Several on-chain measures show that purchasing pressure increases, implying that Bitcoin and Ethereum are destined for extreme volatility. These cryptocurrencies must yet clear one hurdle to restart their upward trajectory.
The Bitcoin Whales Have Returned
After plunging below $41,000 earlier, Bitcoin has made a dramatic comeback. Following the sharp decline, the top cryptocurrency was able to gain almost 3,500 points, reaching a high of $43,750 at the time of writing.
As prices fell, Santiment’s Token Age Consumed indicator saw a substantial increase in idle BTC currently moving hands in the last several hours.
This on-chain indicator is calculated by multiplying the number of coins that have recently switched addresses by the number of days since they last moved. Although the movement of old tokens is not always a leading price indication, it has contributed to recent volatility increases.
Based on previous token fluctuations, Bitcoin might see much more volatility if history repeats itself.
The behavior of whales implies that the next rise in volatility will be positive. Wallets on the network with 100 to 10,000 BTC have added more than 80,000 BTC to their holdings in the previous 24 hours, totaling $3.32 billion.
Large investors may be seeking to buy at a bargain in anticipation of an upswing, as seen by the rapid rise in upward pressure.
Even though the changes appear to favor the bulls, Bitcoin will meet significant resistance shortly. For example, 1.2 million addresses had already acquired 1.05 million BTC between $43,150 and $45,670, according to IntoTheBlock’s In/Out of the Money Around Price (IOMAP) model.
As prices seek to move further, limiting the upward pressure, these holders may be attempting to break even on their underwater holdings. Therefore, only a significant daily candlestick close above this supply barrier may herald the start of a new rally.
The IOMAP cohorts, on the other hand, show that the most substantial support wall beneath Bitcoin is located between $41,830 and $43,000. Around this price level, around 760,000 addresses own almost 430,000 BTC. Thus, slicing through this demand zone might result in a drop to $39,000, as there is no other region of interest to keep prices from dropping.
Ethereum appears to be undervalued
The amount of Ethereum tokens held on cryptocurrency exchanges is steadily decreasing. Over 1.35 million ETH has been drained from trading platforms in the previous month alone, indicating a 6.63 percent drop.
The falling ETH supply on well-known cryptocurrency exchange wallets bodes well for Ethereum’s price rise in the future. It technically lowers the amount of ETH that can be sold, therefore limiting the negative potential.

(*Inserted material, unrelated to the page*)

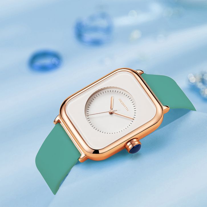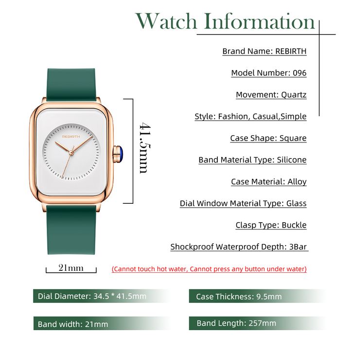 Rebirth Jam Tangan Wanita Persegi Panjang Jam Kelas Atas Fashion Elegan Tali Silikon Jam Cewe RE096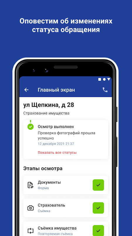 Совкомбанк Осмотр – универсальное многофункциональное приложение для выполнения осмотров по заданным сценариям. Позволяет производить осмотр с фото- и видео- фиксацией по заранее определенному алгоритму и заполнять сопроводительные формы. Схема осмотра – состав формы и набор шагов съемки – зависит от задачи, для которой используется приложение.

Furthermore, the Market Value to Realized Value (MVRV) index shows that Ethereum is now undervalued. The average profit or loss of addresses that purchased ETH in the previous month is measured by this basic index. Therefore, when the 30-day MVRV falls below 0%, a bullish impulse is likely to follow.
The 30-day MVRV ratio is now hovering at -8.6%, indicating that ETH is trading in the “opportunity zone.” The lower the MVRV ratio, the more likely the price movement will be upward.
Even though Ethereum sits on top of shaky support, transaction history suggests that it only has to clear one hurdle to restart its upward trajectory.
Between $3,185 and $3,275, more than 1.2 million addresses have bought about 8.6 million ETH. A strong candlestick close over this resistance level may catapult ETH to fresh all-time highs of $4,000 or more.
Nonetheless, investors should keep a careful eye on the $2,900 support level, as any hints of weakness in the area might prompt market players to sell. Ethereum may plummet below $2,500 in such unusual situations.